If self love and self esteem are not interchangeable, then one will be left with a void, a hunger if one attempts to fill the one need with the other.  It is trying to satisfy hunger with ice water.  It may temporarily mask the pangs but they will come back in ever more insistent waves.

If the need for food is not met, then anything that is a close approximation will be pressed into service.  Pets, cadavers, sawdust, motor oil, leather, paper, clay, mice....

The prevalence of gangs in inner cities is evidence that young people, especially young men, have a burning need for self esteem.  They are denied the normal, healthy "Dad" source so they find other men who can knight them with a quest and earned recognition. Men who do not have the young man's best interests at heart.

Your dad may not have been an iron fisted man's man.  He may not have been a fire breathing, steel eating specimen of manhood who walked in a billowing cloud of testosterone fumes.  But he was a MAN.  He went out into the adult world like a knight in the days of yore.  He survived.  He brought home the bacon.

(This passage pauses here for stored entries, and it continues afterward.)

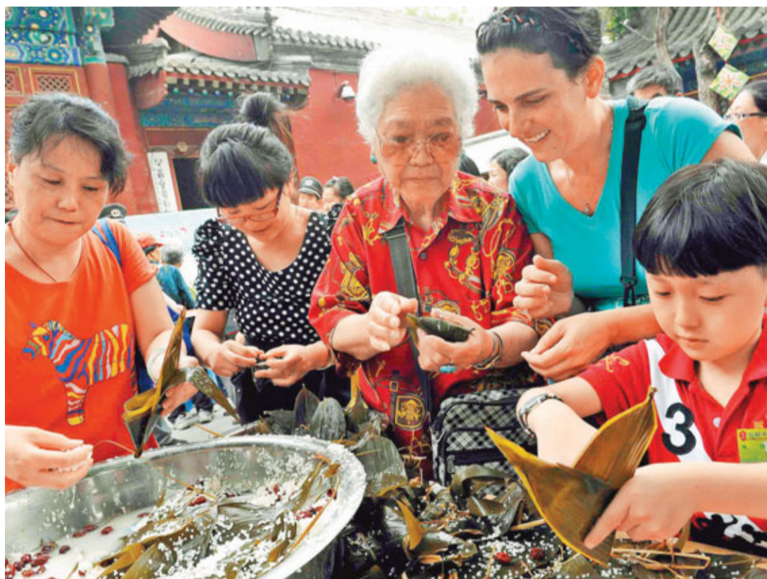
■端午節, 北京舉行包粽子活動吸引海內外遊客參與。

另據測算, 2010年, 中國城鄉居民家庭文化娛樂類的休閒消費支出為3,485億元; 城鄉居民全年休閒體育消費總額約為2,543億元, 較上年度增加22.1%; 中國休閒餐飲消費大致為4,400億元, 較上年增長18.9%; 2010年中國沐浴業收入預計達到12%左右的增幅, 全國沐浴企業收入將達到1,400億元。此外, 宋瑞表示, 全民健身掀起了新的高潮, 社區體育、農村體育受到重視, 體育旅遊(非職業比賽、探險、場館觀光等)成為一個亮點。
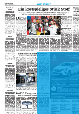
1000er Eckfeld 4sp./250 mm
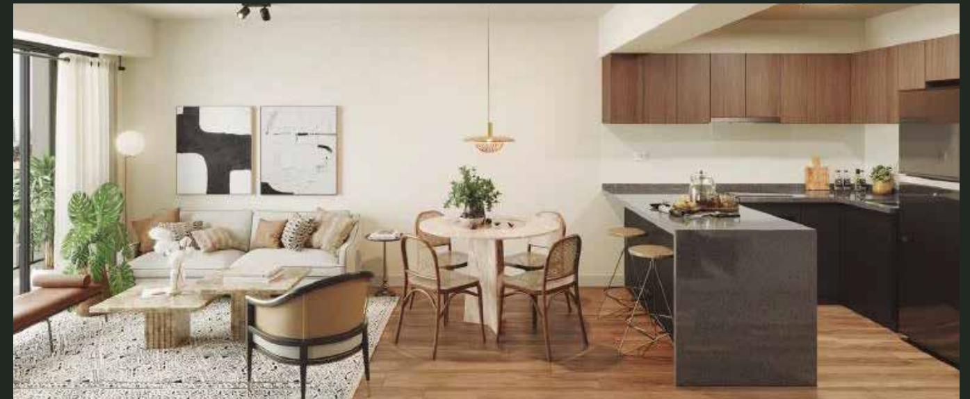
GRAY Edificio Multifamiliar (2023)

En V2 Arquitectos, el diseño es un trabajo en equipo enfocado en crear proyectos rentables, personalizados y de alta calidad. Acompañan cada etapa con asesoría integral, buscando soluciones funcionales que generen experiencias y mejoren la vida de los usuarios.
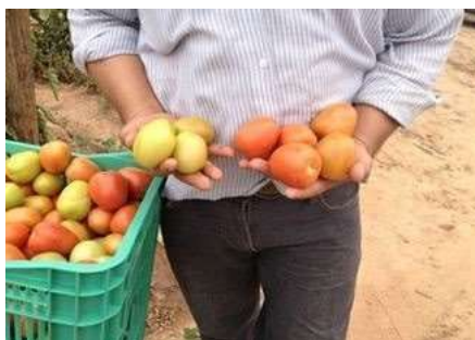
Figura 1. Frutas seleccionadas

En medio de un ambiente de variabilidad, los trabajadores desarrollan sus modos de operación de acuerdo con las representaciones mentales que tienen sobre lo que es una fruta sana y apta para la cosecha. Estos aspectos se formaron a través del aprendizaje de los compañeros de trabajo y a través de la práctica misma. Pueden mirar y tocar la fruta y, entre varias características, identificar cuál es o no adecuada y qué causó los defectos. La figura 1 muestra una cosechadora que muestra que, aunque los tomates tienen diferentes tonos (rojo, rosa, amarillo o naranja), todos están clasificados como aptos para la cosecha.
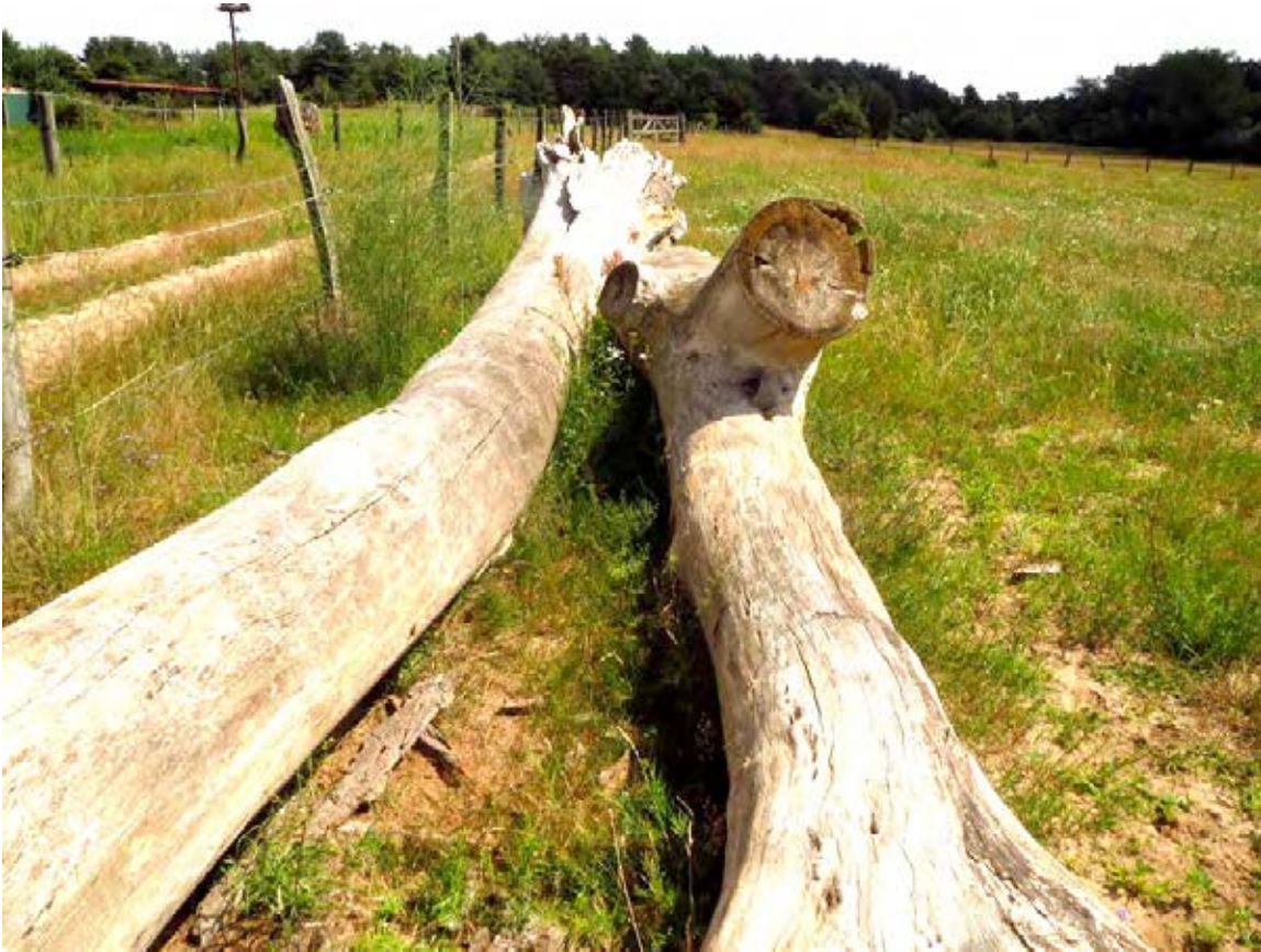
Abb. 10. Extensiv landwirtschaftlich genutzte Flächen im Randbereich der Binnendüne.

Most families had measures of manliness.  It may have been shooting hoops, or who could catch the most bluegills.  It may have been playing Scrabble, shooting clay birds or arm wrestling.  It could have been cracking hickory nuts with your fist, or how quick could you swap out a set of spark plugs.  It was a way you could measure yourself against "the old man" and judge your readiness to go forth in the world.  It was a great and notable day when you beat "the old man."

Our culture tried to substitute self love for self esteem and it failed.  It is time to man up.